WHAT YOU ARE ASKED TO DO |
Copy out all lines of the records in which the word "with" appears.

STUDY MATERIAL |

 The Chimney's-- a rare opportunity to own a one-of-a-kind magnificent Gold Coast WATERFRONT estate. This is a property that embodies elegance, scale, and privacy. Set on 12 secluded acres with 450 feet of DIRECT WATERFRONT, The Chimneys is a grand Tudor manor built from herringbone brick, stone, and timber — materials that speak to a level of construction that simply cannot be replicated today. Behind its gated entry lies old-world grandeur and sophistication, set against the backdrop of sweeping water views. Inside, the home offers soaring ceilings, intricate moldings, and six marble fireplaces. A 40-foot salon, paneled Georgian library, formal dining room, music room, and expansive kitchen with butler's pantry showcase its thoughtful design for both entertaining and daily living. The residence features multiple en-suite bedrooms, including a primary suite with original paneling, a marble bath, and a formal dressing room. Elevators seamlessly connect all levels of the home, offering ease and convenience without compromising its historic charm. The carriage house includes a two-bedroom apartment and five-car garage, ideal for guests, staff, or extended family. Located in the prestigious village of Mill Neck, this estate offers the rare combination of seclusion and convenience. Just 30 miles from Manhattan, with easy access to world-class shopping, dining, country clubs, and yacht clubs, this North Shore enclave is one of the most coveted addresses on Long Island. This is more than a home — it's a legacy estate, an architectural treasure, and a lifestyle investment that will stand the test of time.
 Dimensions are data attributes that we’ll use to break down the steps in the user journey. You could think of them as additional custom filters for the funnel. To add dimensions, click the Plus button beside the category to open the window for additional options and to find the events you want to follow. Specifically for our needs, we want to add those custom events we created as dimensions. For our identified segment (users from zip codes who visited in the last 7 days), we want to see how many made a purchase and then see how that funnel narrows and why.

==

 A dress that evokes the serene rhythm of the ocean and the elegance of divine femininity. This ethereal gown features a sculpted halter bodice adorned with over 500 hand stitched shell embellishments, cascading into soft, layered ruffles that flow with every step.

OUTPUT FOR THIS TASK |
 The Chimney's-- a rare opportunity to own a one-of-a-kind magnificent Gold Coast WATERFRONT estate. This is a property that embodies elegance, scale, and privacy. Set on 12 secluded acres with 450 feet of DIRECT WATERFRONT, The Chimneys is a grand Tudor manor built from herringbone brick, stone, and timber — materials that speak to a level of construction that simply cannot be replicated today. Behind its gated entry lies old-world grandeur and sophistication, set against the backdrop of sweeping water views. Inside, the home offers soaring ceilings, intricate moldings, and six marble fireplaces. A 40-foot salon, paneled Georgian library, formal dining room, music room, and expansive kitchen with butler's pantry showcase its thoughtful design for both entertaining and daily living. The residence features multiple en-suite bedrooms, including a primary suite with original paneling, a marble bath, and a formal dressing room. Elevators seamlessly connect all levels of the home, offering ease and convenience without compromising its historic charm. The carriage house includes a two-bedroom apartment and five-car garage, ideal for guests, staff, or extended family. Located in the prestigious village of Mill Neck, this estate offers the rare combination of seclusion and convenience. Just 30 miles from Manhattan, with easy access to world-class shopping, dining, country clubs, and yacht clubs, this North Shore enclave is one of the most coveted addresses on Long Island. This is more than a home — it's a legacy estate, an architectural treasure, and a lifestyle investment that will stand the test of time.
 A dress that evokes the serene rhythm of the ocean and the elegance of divine femininity. This ethereal gown features a sculpted halter bodice adorned with over 500 hand stitched shell embellishments, cascading into soft, layered ruffles that flow with every step.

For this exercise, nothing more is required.